The recently refurbished church in O'Meara Street has a shrine to Blessed John Henry Newman who is to be canonised in October.
Newman's London: A Pilgrim Handbook is written by Joanna Bogle who is associated with The Church of the Most Precious Blood and has illustrations by Malgorzata Brykczynska of the SE1-based Confraternity of St James.
The great disappointment of Joanna's carefully researched guide is that it dismisses the long held claim that Newman celebrated his first Mass on English soil in Southwark's St George's Cathedral. This was stated with local pride during Pope Benedict's 2010 visit to Britain to beatify Newman.
However, SE1 is still part of the Newman story. His parents John and Jemima were married in 1799 at St Mary's Lambeth by the gate of Lambeth Palace. Jemima was a member of the Fourdrinier paper making family with premises in Lambeth.

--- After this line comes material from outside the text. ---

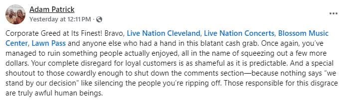 Concertgoers were frustrated with the news, as some tickets have already gone on-sale for shows this summer. Others called the news a “cash grab.”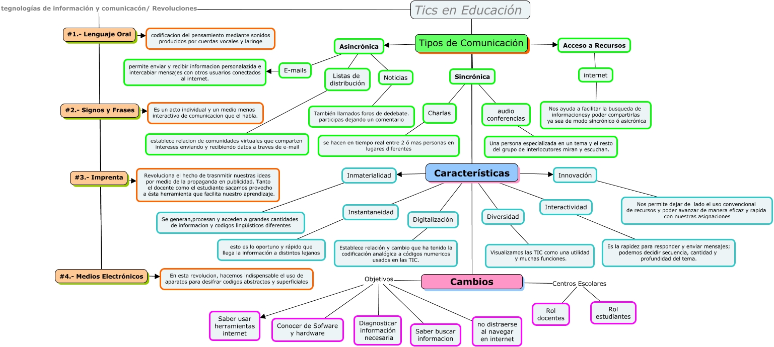 Este Cmap, tiene información relacionada con: Tics en Educacion, Tipos de Comunicación ???? Tics en Educación, internet ???? Nos ayuda a facilitar la busqueda de informacionesy poder compartirlas ya sea de modo sincrónico ó asicrónica, Cambios Objetivos Conocer de Sofware y hardware, Asincrónica ???? Noticias, #2.- Signos y Frases ???? Es un acto individual y un medio menos interactivo de comunicacion que el habla., Sincrónica ???? audio conferencias, Características ???? Innovación, Cambios Centros Escolares Rol estudiantes, Diversidad ???? Visualizamos las TIC como una utilidad y muchas funciones., Características ???? Diversidad, Tipos de Comunicación ???? Asincrónica, #4.- Medios Electrónicos ???? #2.- Signos y Frases, Inmaterialidad ???? Se generan,procesan y acceden a grandes cantidades de informacion y codigos lingüisticos diferentes, Tipos de Comunicación ???? Características, Tipos de Comunicación ???? Sincrónica, Charlas ???? se hacen en tiempo real entre 2 ó mas personas en lugares diferentes, Características ???? Interactividad, Innovación ???? Nos permite dejar de lado el uso convencional de recursos y poder avanzar de manera eficaz y rapida con nuestras asignaciones, #3.- Imprenta ???? Revoluciona el hecho de trasnmitir nuestras ideas por medio de la propaganda en publicidad. Tanto el docente como el estudiante sacamos provecho a ésta herramienta que facilita nuestro aprendizaje., Características ???? Instantaneidad

John Henry was born two years later in Threadneedle Street in the City of London.
He much enjoyed the family's country home Grey Court House at Ham near Richmond where he long recalled seeing the windows lit with candles to celebrate the Battle of Trafalgar victory. After a few years Newman's father lost his money in a bank failure and the country seat soon became home to Bermondsey skin merchant William Beebe.
When Newman, once an Anglican clergyman, returned from Rome as a just-ordained Roman Catholic priest on Christmas Eve 1847 he may not have gone straight to Southwark. But Joanna says that he was soon asked to preach on Sunday evenings at St George's.

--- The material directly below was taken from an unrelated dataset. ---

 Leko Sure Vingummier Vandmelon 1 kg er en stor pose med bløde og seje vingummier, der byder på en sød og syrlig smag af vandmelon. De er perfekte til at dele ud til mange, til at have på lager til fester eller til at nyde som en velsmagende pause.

This she suggests was early in 1848 but maybe at the old St George's Chapel in London Road which had originally been the Belgian embassy chapel. The site is near the junction with Thomas Doyle Street.
St George's Cathedral as we now call it, by architect Augustus Pugin, opened later that year.
Reference is made to the earlier provoking of the sectarian Gordon Riots in St George's Fields in just a decade before Newman's birth.
John Henry Newman is unusual in becoming a cardinal without ever being a bishop but he is going to be a saint.
The book has a forward by Cardinal Vincent Nichols, Archbishop of Westminster, who says that Newman "was a man of the modern era who can make sainthood accessible to us".
The launch was preceded by sung evensong which would have been familiar to Cardinal Newman.